(Collected data)
• • • • • • •

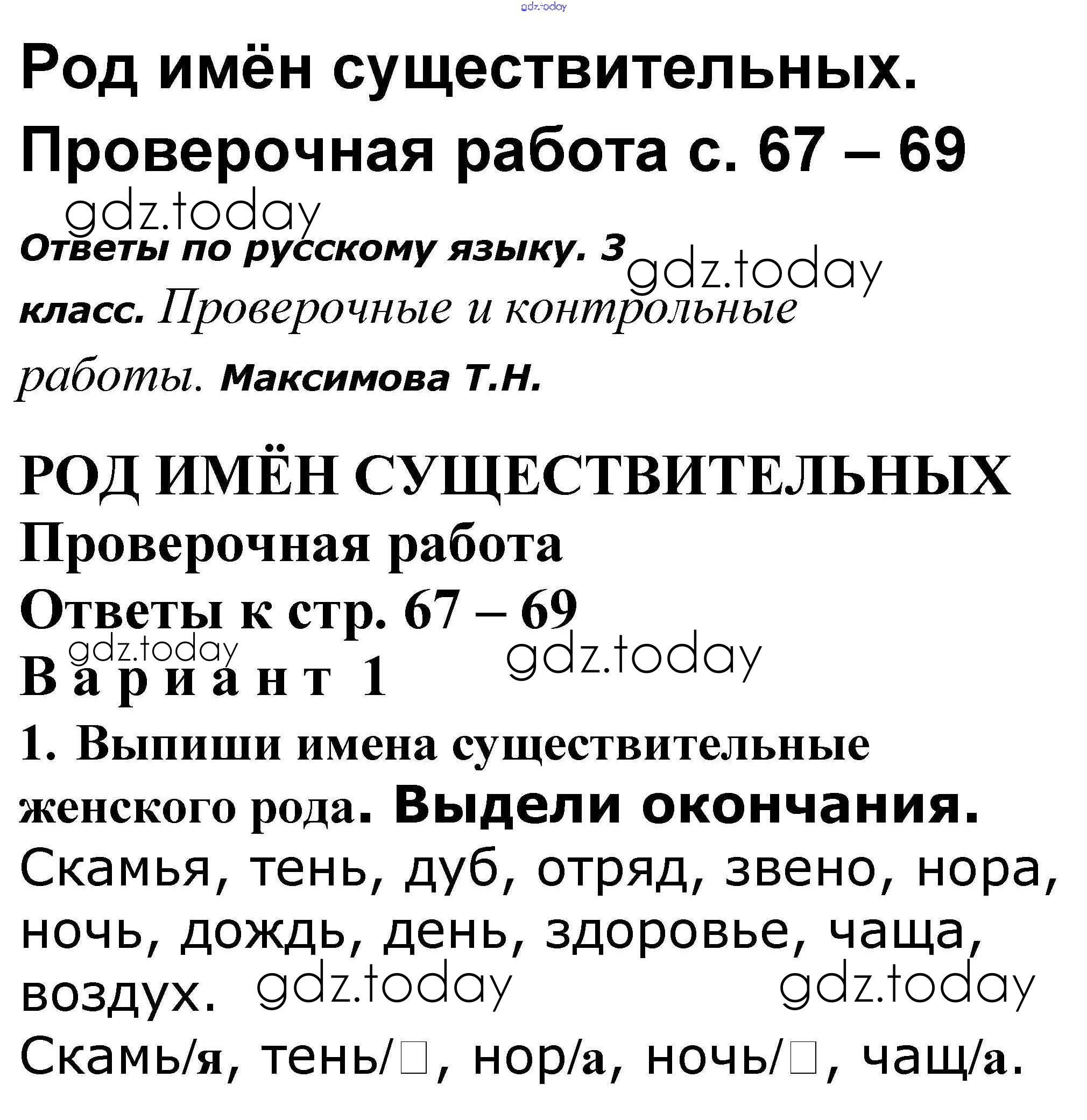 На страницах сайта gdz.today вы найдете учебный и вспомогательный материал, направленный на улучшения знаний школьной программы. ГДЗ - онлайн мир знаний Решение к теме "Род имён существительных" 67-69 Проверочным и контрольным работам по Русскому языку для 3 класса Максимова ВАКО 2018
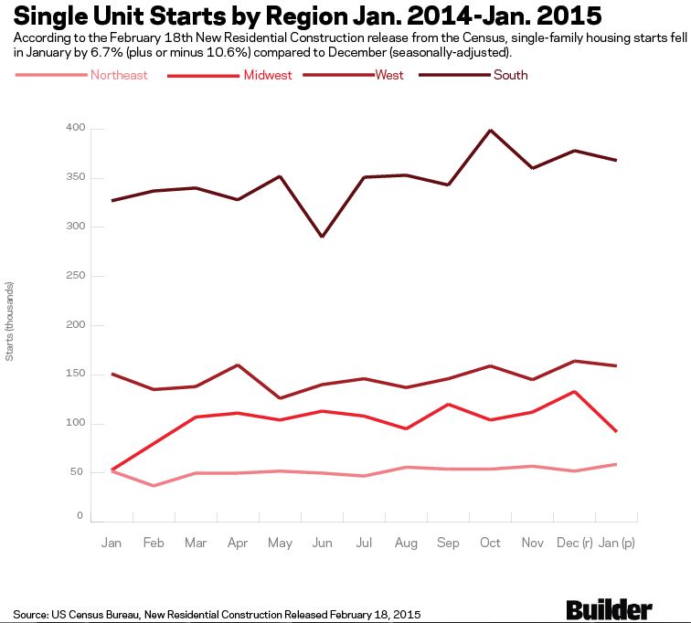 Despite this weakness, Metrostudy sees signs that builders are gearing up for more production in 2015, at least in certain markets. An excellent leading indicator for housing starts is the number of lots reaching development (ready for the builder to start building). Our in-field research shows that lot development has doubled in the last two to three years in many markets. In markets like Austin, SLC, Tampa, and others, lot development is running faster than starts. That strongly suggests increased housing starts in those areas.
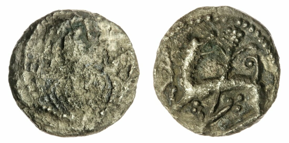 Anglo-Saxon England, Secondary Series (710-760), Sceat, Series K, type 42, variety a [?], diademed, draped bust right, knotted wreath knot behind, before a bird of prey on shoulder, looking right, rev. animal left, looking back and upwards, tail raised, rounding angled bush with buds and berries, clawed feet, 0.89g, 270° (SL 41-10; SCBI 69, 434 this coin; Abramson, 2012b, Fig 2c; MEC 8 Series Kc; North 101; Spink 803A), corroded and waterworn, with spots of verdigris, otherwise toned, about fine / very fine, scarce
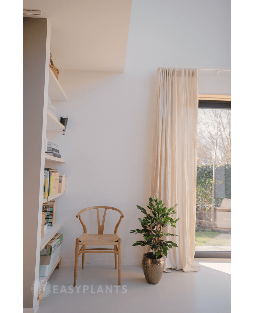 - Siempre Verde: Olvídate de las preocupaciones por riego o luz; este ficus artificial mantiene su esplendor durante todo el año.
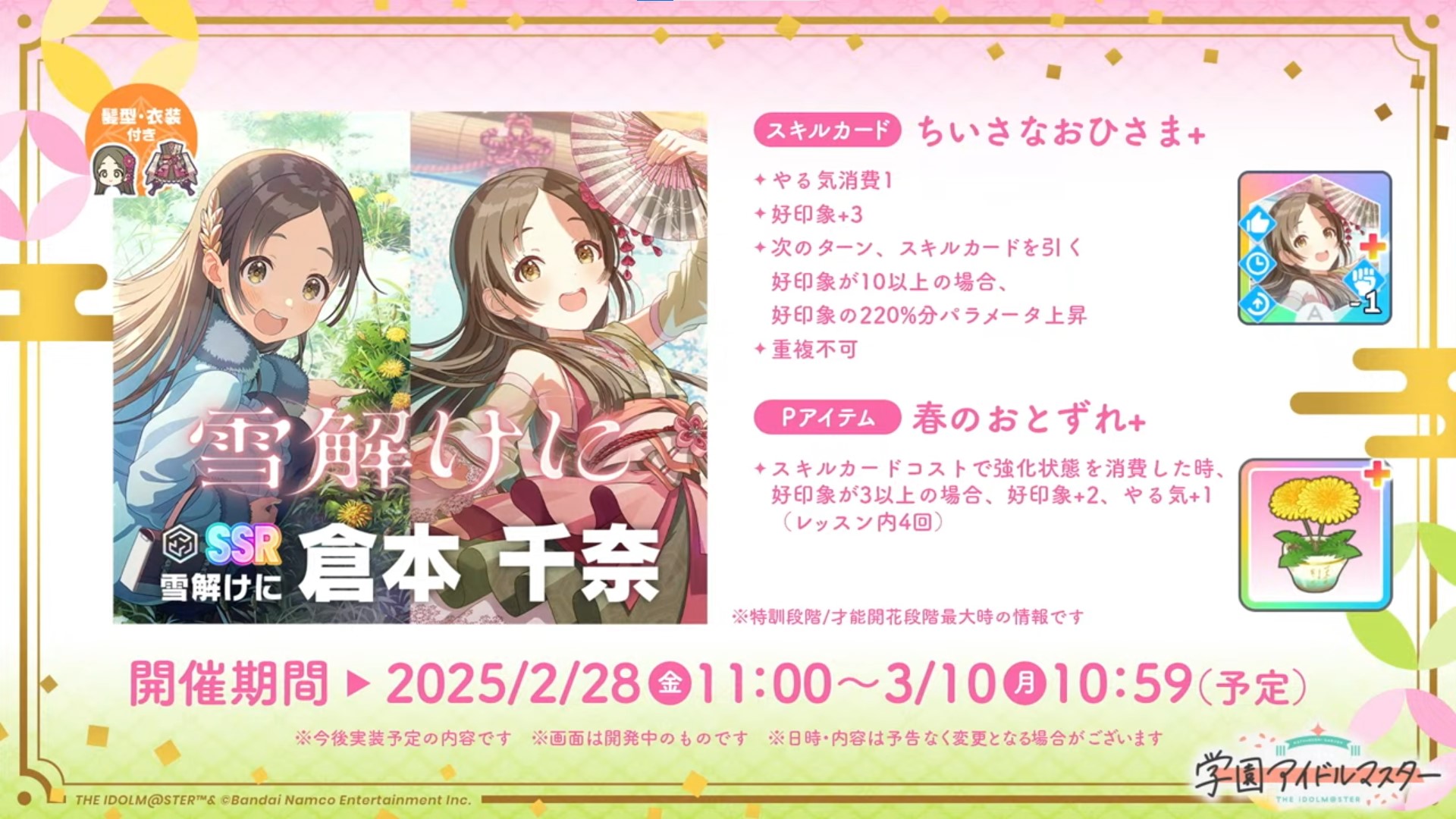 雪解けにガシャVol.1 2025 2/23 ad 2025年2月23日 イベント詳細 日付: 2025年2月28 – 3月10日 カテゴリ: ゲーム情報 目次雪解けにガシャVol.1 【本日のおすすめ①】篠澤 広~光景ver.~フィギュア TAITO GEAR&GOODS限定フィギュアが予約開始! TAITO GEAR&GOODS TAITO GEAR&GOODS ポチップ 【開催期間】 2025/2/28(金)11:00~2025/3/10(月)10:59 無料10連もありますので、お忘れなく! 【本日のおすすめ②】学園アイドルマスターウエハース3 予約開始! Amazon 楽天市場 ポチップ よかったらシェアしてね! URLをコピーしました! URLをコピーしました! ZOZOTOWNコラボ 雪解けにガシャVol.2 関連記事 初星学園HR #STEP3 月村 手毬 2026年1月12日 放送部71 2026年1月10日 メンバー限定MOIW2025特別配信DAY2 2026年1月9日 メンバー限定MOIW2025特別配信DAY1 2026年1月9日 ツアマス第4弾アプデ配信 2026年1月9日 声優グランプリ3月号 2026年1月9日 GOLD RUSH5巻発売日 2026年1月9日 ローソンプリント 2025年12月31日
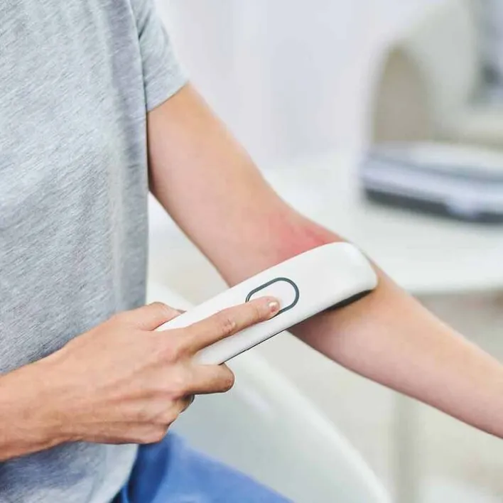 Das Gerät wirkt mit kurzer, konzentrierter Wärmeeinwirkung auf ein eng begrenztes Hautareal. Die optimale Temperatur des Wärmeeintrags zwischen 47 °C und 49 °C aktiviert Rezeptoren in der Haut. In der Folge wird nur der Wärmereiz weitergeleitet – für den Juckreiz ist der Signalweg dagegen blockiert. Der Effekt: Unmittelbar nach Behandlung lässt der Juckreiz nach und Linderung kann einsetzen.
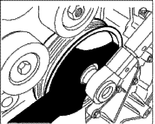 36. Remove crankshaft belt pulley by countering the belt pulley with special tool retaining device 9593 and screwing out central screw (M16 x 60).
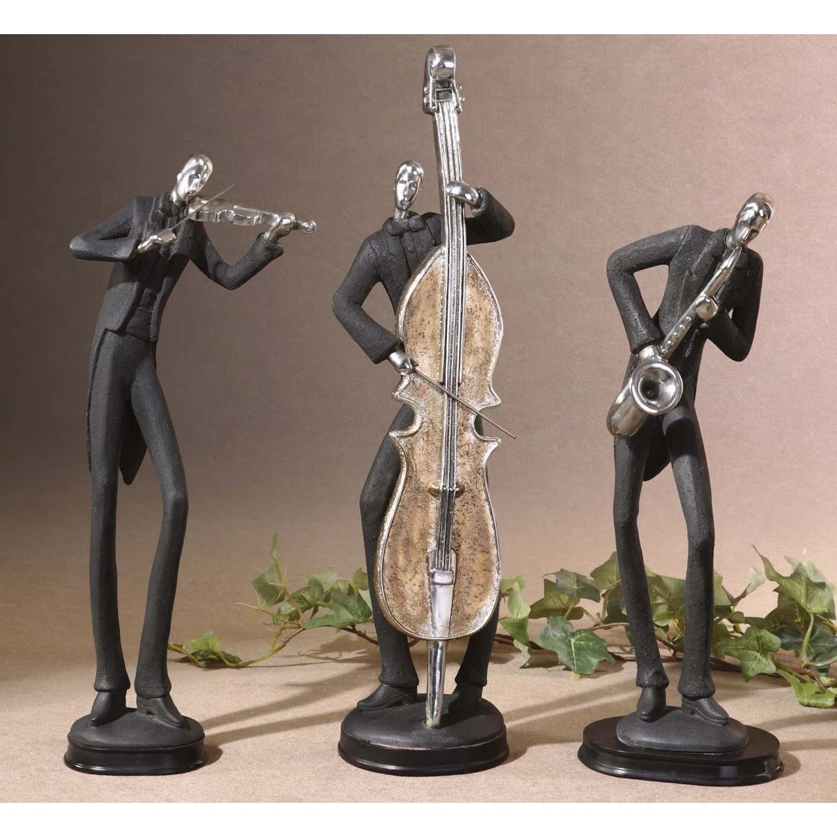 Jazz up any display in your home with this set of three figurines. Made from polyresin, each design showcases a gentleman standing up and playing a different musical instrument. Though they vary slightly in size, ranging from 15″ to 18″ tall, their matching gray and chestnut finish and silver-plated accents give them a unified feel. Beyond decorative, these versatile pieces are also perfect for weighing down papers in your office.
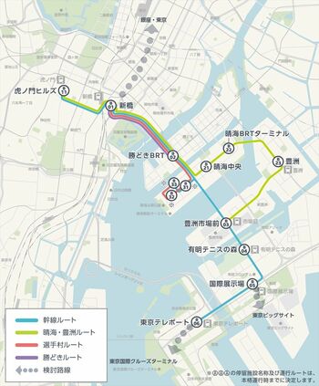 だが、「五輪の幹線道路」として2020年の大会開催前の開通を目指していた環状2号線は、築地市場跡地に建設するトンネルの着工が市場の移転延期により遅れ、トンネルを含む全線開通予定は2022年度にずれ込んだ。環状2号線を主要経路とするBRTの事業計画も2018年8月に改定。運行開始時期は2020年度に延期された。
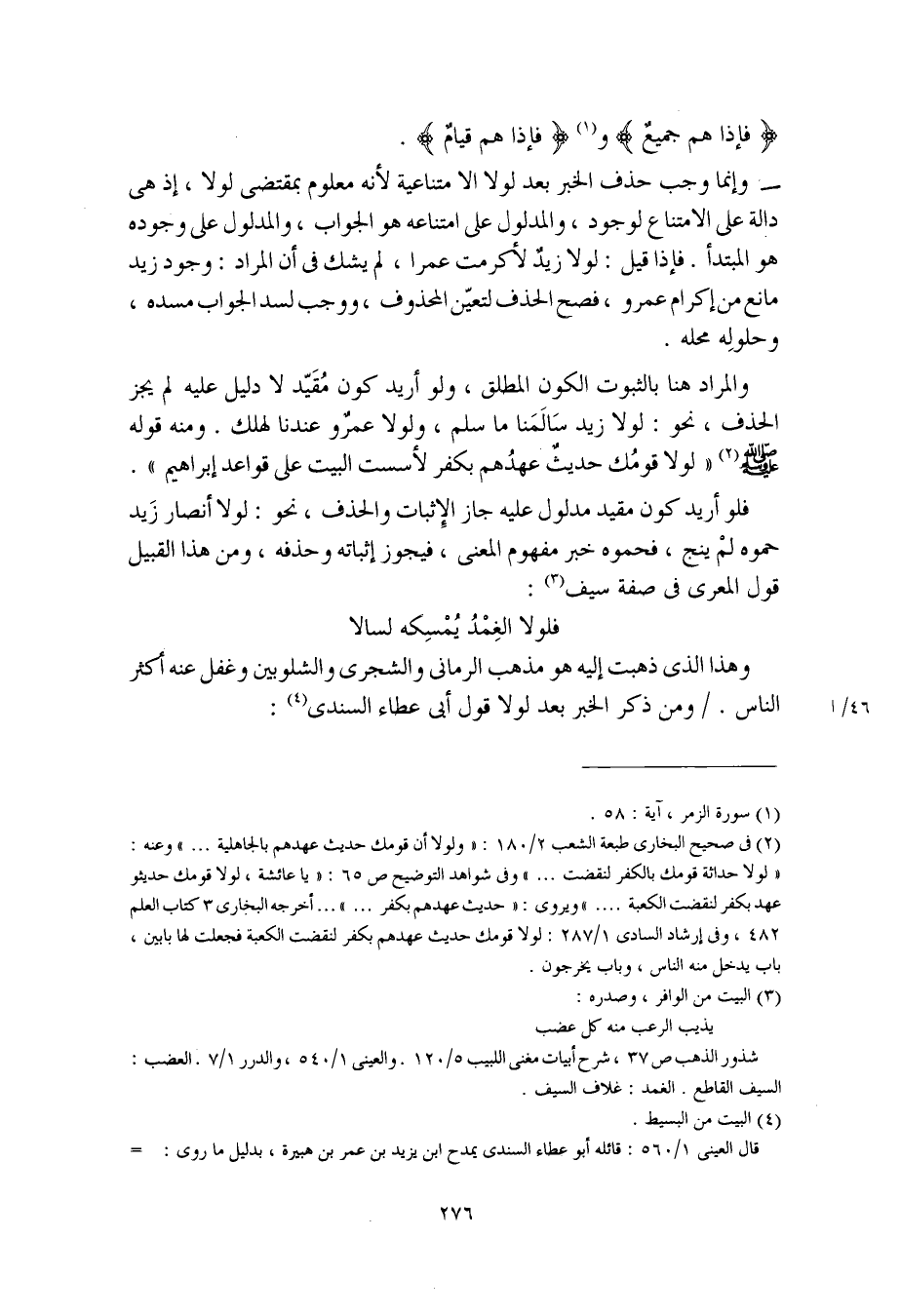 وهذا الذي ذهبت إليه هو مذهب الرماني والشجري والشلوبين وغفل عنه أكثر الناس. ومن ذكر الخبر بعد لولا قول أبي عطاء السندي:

• • • • • • •

To do — Your answer should be the lines from the opening of the records through the line with "Despite this weakness, Metrostudy", both ends retyped exactly and pictures left out.

Exercise output —
 На страницах сайта gdz.today вы найдете учебный и вспомогательный материал, направленный на улучшения знаний школьной программы. ГДЗ - онлайн мир знаний Решение к теме "Род имён существительных" 67-69 Проверочным и контрольным работам по Русскому языку для 3 класса Максимова ВАКО 2018
 Despite this weakness, Metrostudy sees signs that builders are gearing up for more production in 2015, at least in certain markets. An excellent leading indicator for housing starts is the number of lots reaching development (ready for the builder to start building). Our in-field research shows that lot development has doubled in the last two to three years in many markets. In markets like Austin, SLC, Tampa, and others, lot development is running faster than starts. That strongly suggests increased housing starts in those areas.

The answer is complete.